Телегин также принимал участие в этих беседах, – рассказывая про военные дела, чертил мелом на палубе расположение фронтов.

– Контрреволюция, как видите, товарищи, задумана по единому плану: окружить центральную Россию, отрезать ее от снабжения хлебом и топливом и сдавить. Контрреволюция поднимается на окраинах, на тучных землях. На Кубани, например, полтора миллиона казаков и столько же – крестьян-арендаторов. Между ними вражда не на живот, а на смерть. Деникин это отлично учел и с горстью офицеров-добровольцев смело кинулся в самое пекло, – разгромил стотысячную армию прохвоста Сорокина, которого в самом начале надо было расстрелять за анархию и дикую жажду предательства, – и сейчас Деникин создает себе крепкий тыл, помогая казакам вырезать красных на Кубани. Деникин умный и опасный враг.

Моряки глядели на Телегина, ноздри у них раздувались, синие жилы проступали под смуглой кожей. А машинист все кивал: «Так, так…»
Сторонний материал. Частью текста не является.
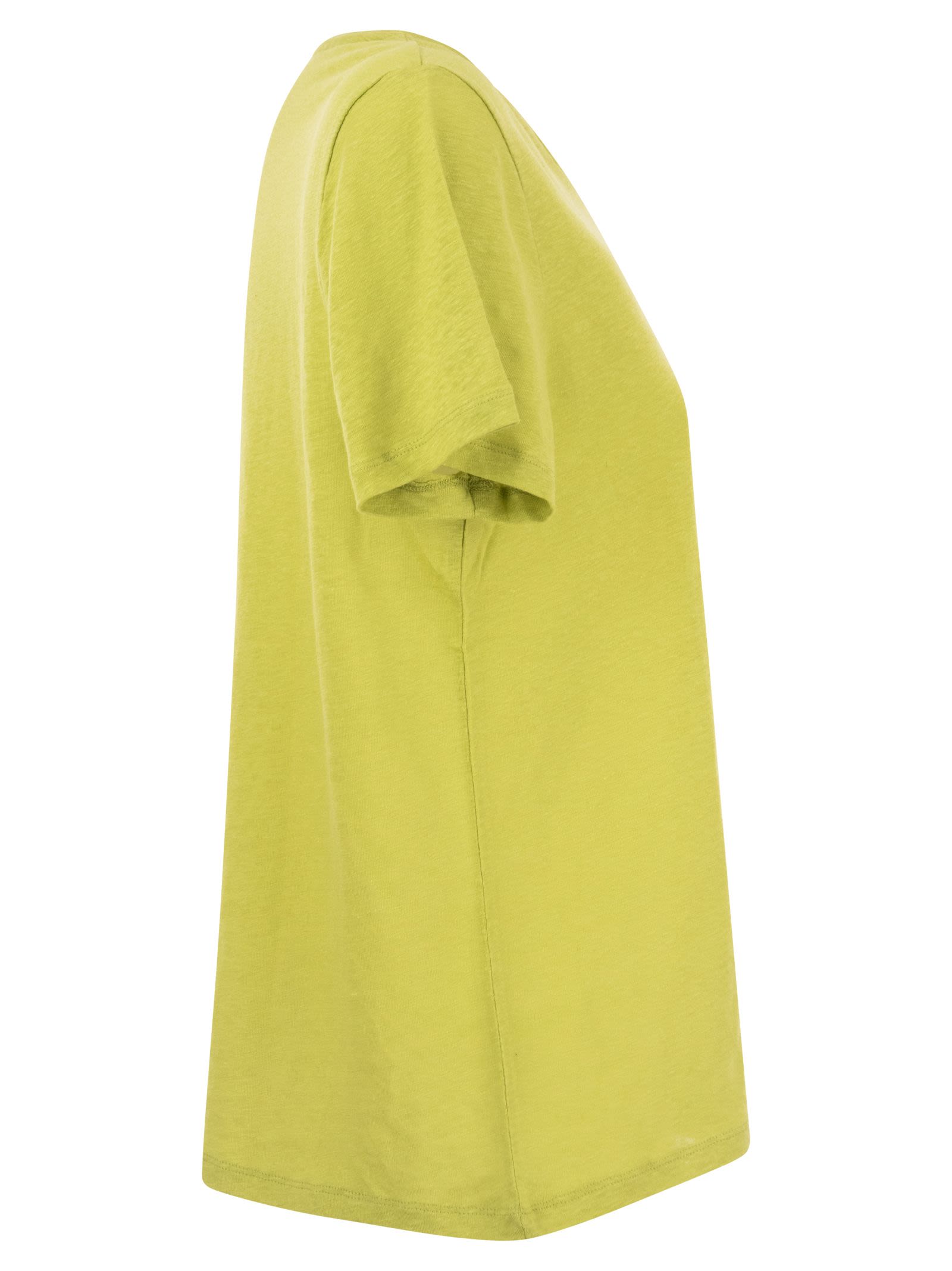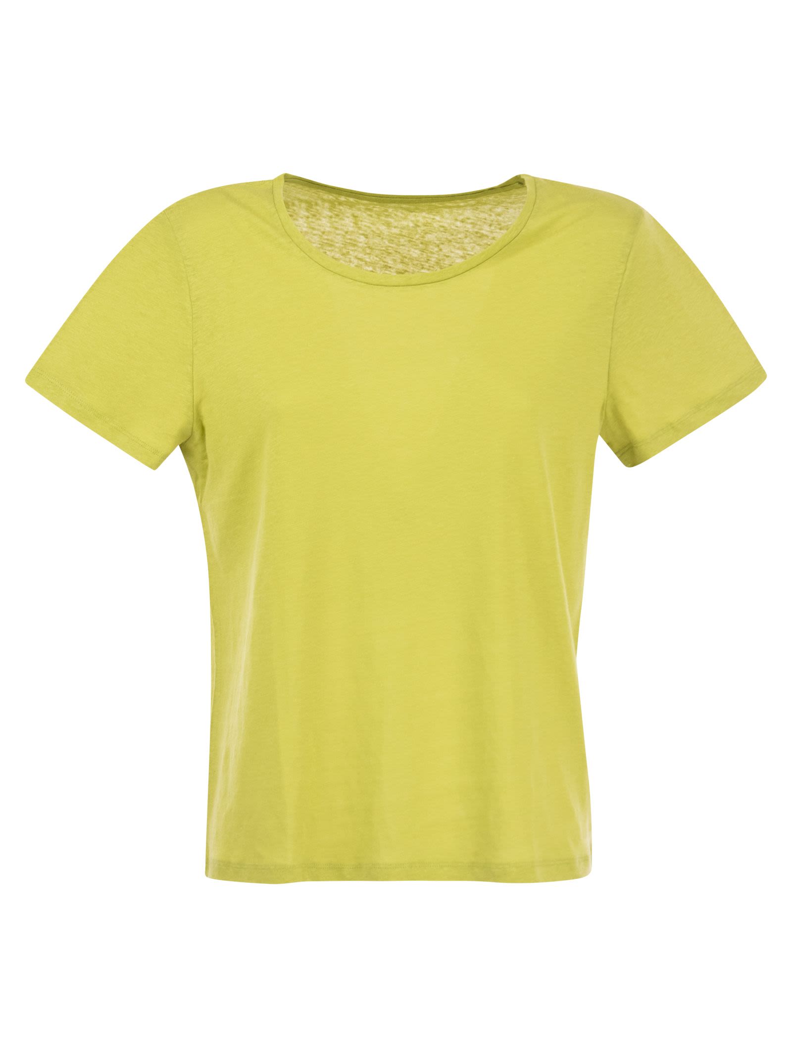 Majestic Crew Neck T Shirt In Linen And Short Sleeve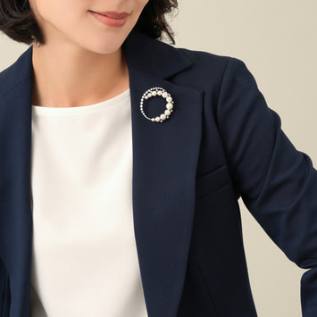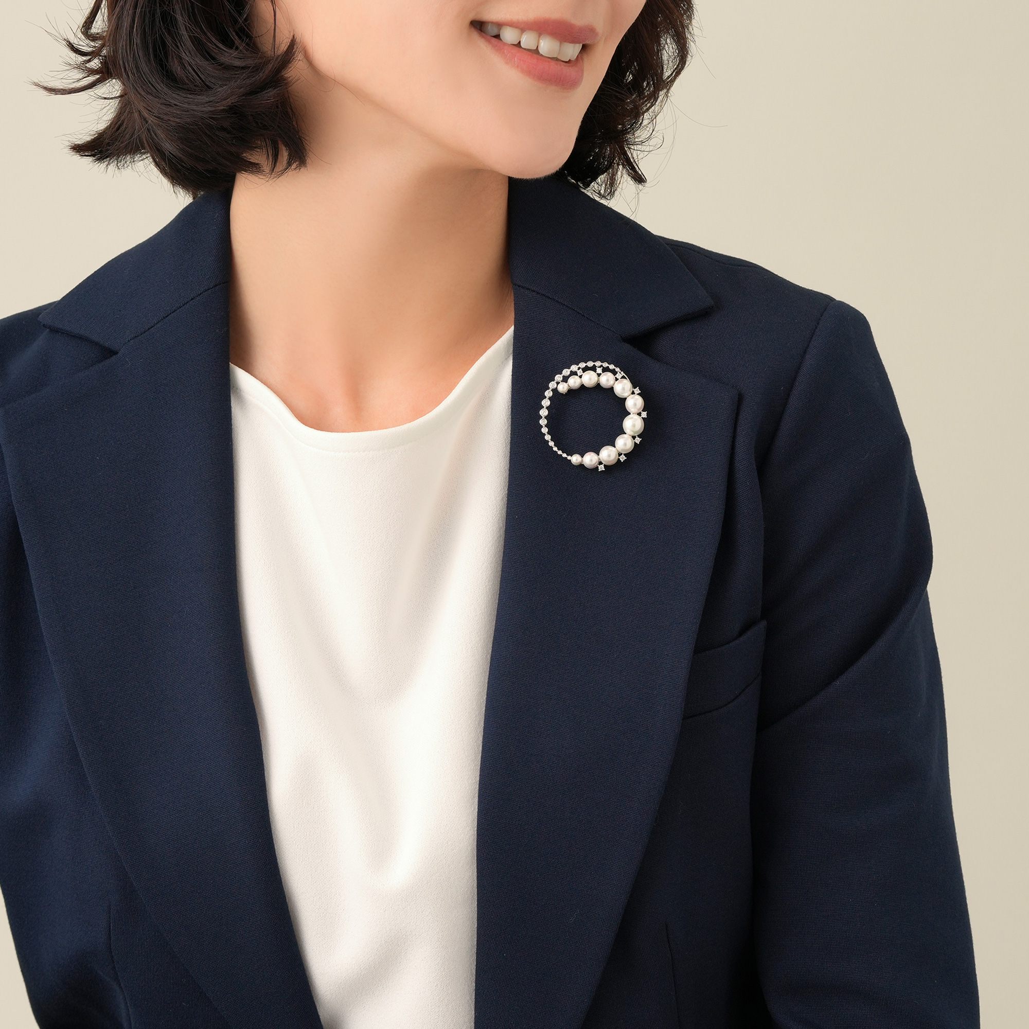 繊細なパールのグラデーションで象ったサークルモチーフがミニマルな印象のブローチ。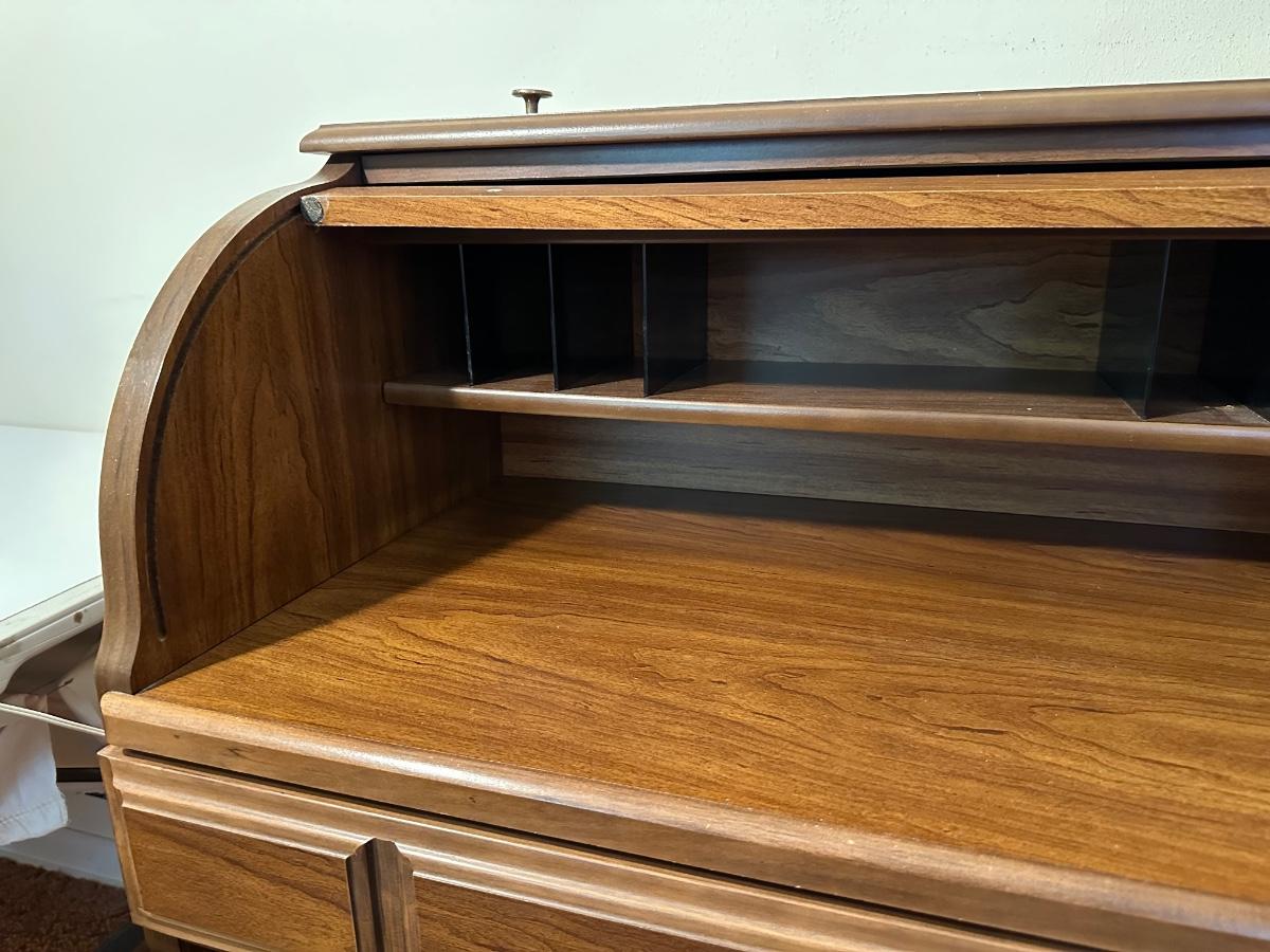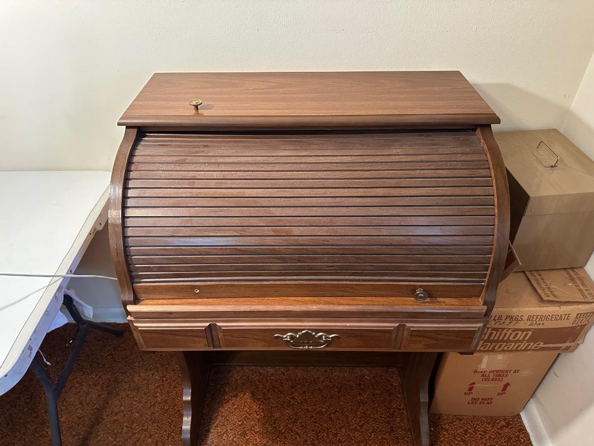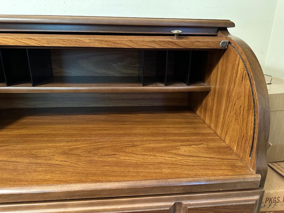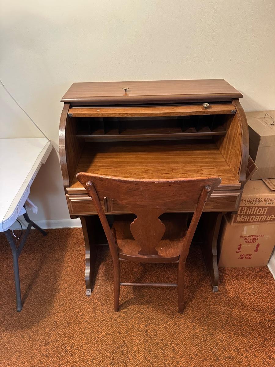 DMI SMALL ROLL TOP DESK WITH ANTIQUE CHAIR

– У атамана Краснова задача много уже, – потому что казаков за границы Дона поднять трудно. Знаете поговорку: потому казак гладок, что поел – да на бок. Казак удал, когда дерется за свою хату. Но зато красновская контрреволюция в настоящее время для нас опаснее всех. Если мы будем оттеснены от Волги и потеряем Царицын, Краснов и Деникин соединятся со всей сибирской контрреволюцией. На наше счастье, между Красновым и Деникиным договоренности полной нет. Донцы называют добровольцев «странствующими музыкантами», а добровольцы донцов – «немецкими проститутками»… Но этим нечего утешаться. Плану контрреволюции мы должны противопоставить свой большой план, а это, в первую голову, правильная организация Красной Армии, без партизанщины на колесах…

Шарыгин, ревниво поглядывая на Телегина, вставлял:

– Вот это правильно… Итак, товарищи, мы вертаемся к тому, с чего я начал… Что ж такое революционная дисциплина?..

В одну из таких бесед Анисья Назарова, неожиданно протянув перед собой, как слепая, руку, сказала ровным голосом, но таким значительным, что все обернулись к ней и стали слушать:

– Извините, товарищи, что я вам скажу… Вот про такие дела я вам расскажу…

Рано утром, чуть завиднелось, Анисья Назарова пошла доить корову. Но только открыла теплый хлев, откуда из темноты просительно замычала Буренка, – послышались выстрелы из степи. Анисья поставила ведро, поправила на голове платок. Сердце у нее билось, и, когда пошла к калитке, ноги обмякли. Все же она приоткрыла калитку, – по станичной улице бежали люди за тачанкой, на ходу влезая в нее. Выстрелы теперь слышались ближе и чаще, и со стороны степи, и со стороны пруда, и с одного конца широкой улицы, и с другой. Тачанка с товарищами из станичного Совета не успела скрыться, – ее окружили верхоконные. Они крутились, как собаки, когда рвут собаку, стреляли и рубили шашками.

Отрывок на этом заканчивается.